- _Available records_
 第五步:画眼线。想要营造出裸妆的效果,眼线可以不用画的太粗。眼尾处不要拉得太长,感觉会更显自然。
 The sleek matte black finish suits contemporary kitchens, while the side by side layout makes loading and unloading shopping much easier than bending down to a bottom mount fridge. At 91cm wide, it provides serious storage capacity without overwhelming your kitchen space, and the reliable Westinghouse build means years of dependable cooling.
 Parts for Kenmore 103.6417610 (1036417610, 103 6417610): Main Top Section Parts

---

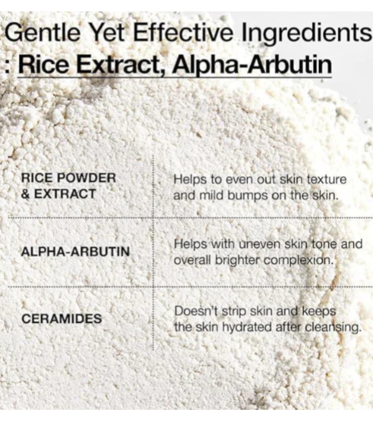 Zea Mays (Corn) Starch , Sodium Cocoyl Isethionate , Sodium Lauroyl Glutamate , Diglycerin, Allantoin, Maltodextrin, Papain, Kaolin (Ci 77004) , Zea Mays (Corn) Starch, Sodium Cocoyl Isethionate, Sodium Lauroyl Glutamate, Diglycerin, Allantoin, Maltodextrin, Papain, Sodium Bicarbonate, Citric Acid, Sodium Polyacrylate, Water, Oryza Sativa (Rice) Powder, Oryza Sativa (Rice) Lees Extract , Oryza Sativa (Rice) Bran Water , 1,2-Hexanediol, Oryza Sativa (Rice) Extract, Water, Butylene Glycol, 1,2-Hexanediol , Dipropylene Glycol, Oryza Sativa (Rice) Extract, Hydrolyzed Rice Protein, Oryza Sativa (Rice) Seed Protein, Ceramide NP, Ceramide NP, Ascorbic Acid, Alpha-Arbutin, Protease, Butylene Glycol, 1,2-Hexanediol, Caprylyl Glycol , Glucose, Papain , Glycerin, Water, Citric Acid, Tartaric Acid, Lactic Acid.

- _What you will do_
Output the lines above between the one holding "第五步:画眼线。想要营造出裸" and the one holding "Parts for Kenmore", inclusive, with nothing before or after them.

- _Answer to this task_
 第五步:画眼线。想要营造出裸妆的效果,眼线可以不用画的太粗。眼尾处不要拉得太长,感觉会更显自然。
 The sleek matte black finish suits contemporary kitchens, while the side by side layout makes loading and unloading shopping much easier than bending down to a bottom mount fridge. At 91cm wide, it provides serious storage capacity without overwhelming your kitchen space, and the reliable Westinghouse build means years of dependable cooling.
 Parts for Kenmore 103.6417610 (1036417610, 103 6417610): Main Top Section Parts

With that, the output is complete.